Never did I think my worst nightmare was about to happen.

I got off the bus, went inside the house and started my normal after school routine (snack, tv and then home work). A few minutes later, my phone rang and it was my grandmother. She was crying and kept asking me if I was okay. She had heard that a school bus had crashed about five minutes away from my house and she heard that it was mine.

Seriously? How many times do we hear of a school bus crashing? More times than not.

I assured her that I was fine and told her to stay calm because it might have been another bus.

After a few minutes, I hung up with her, and not even fifteen minutes later, my phone rang again. It was my sister. She asked me if I was okay because someone had come into the bank that she worked at and said there was a horrible accident. They had indeed confirmed that it was my bus. To make matters worse, rumors were going around that my friend had been pronounced dead at the scene.

PANIC MODE!!

Long story short, later that evening, I was watching the news and it was the top story and the woman doing the story said that my friend had indeed been pronounced dead at the scene. My heart just stopped. I couldn’t believe that I had just seen her and then she was gone five minutes later. I thought it was a bad dream.
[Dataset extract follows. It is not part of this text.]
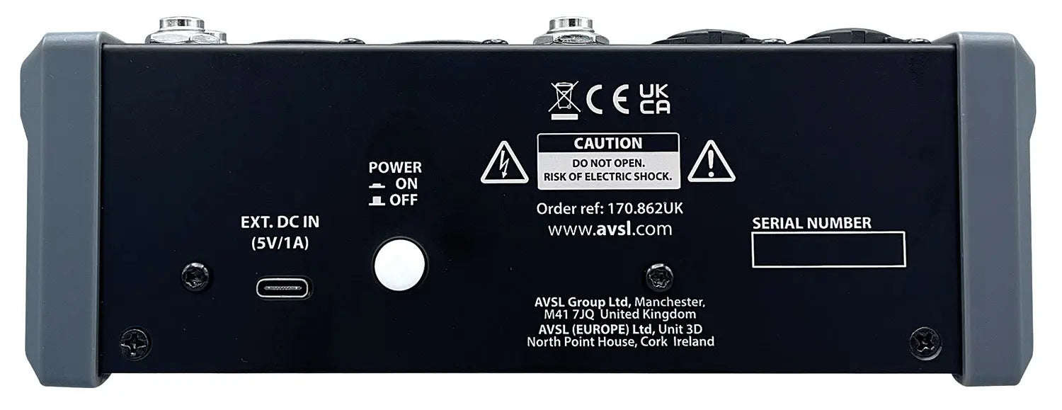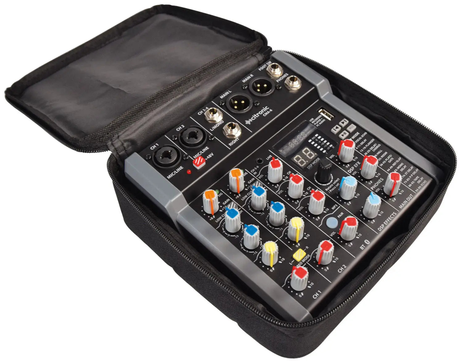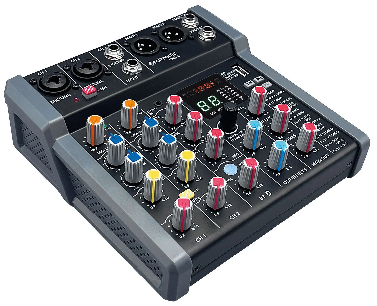 Compact format audio mixer with 2, 4 or 6 mono input channels, a stereo line input and a further minijack stereo input. Each mono mic/line channel has a combo XLR/jack input with +48V phantom power switchable in pairs for the XLR inputs. Each mic/line channel has a Gain control for matching the input source and a low-cut switch to filter out rumble or handling noise from microphones. Each mono channel also has High/Low EQ controls and an FX level control. Pairs of mono channels can be linked to act as a stereo left + right pair as required. The onboard foot-switchable DSP effects engine has 99 presets for delay, reverb and modulation effects, each of which can be adjusted using two parameter controls. An onboard Bluetooth receiver has an illuminated pairing button and independent volume control. The USB type-A port on the top panel is for playback of audio files or can be used to record the main outputs to a USB storage device or as an external audio device when connected to a laptop. Output is delivered to a pair of balanced XLR connectors to provide low noise operation for high quality studio or live performances.

I still to this day wonder if I’m gonna wake up any minute and it all be a bad dream.

I think about her all the time and I know she’s in Heaven looking down at me. I know she’s always with me and I know without a doubt that she’s proud of me. However, there are so many things that I wish I could tell her and talk to her about because I know she would understand. I wish I could turn back the hands of time and have just five more minutes with her.

Appreciate EVERY minute you have with your loved ones. You never know when it could be your last time seeing them. Make sure you tell them you love them and appreciate them. Make sure you spend as much time with them as possible and talk to them as much as possible. If you don’t, you’ll be like me and wish you had five more minutes with them.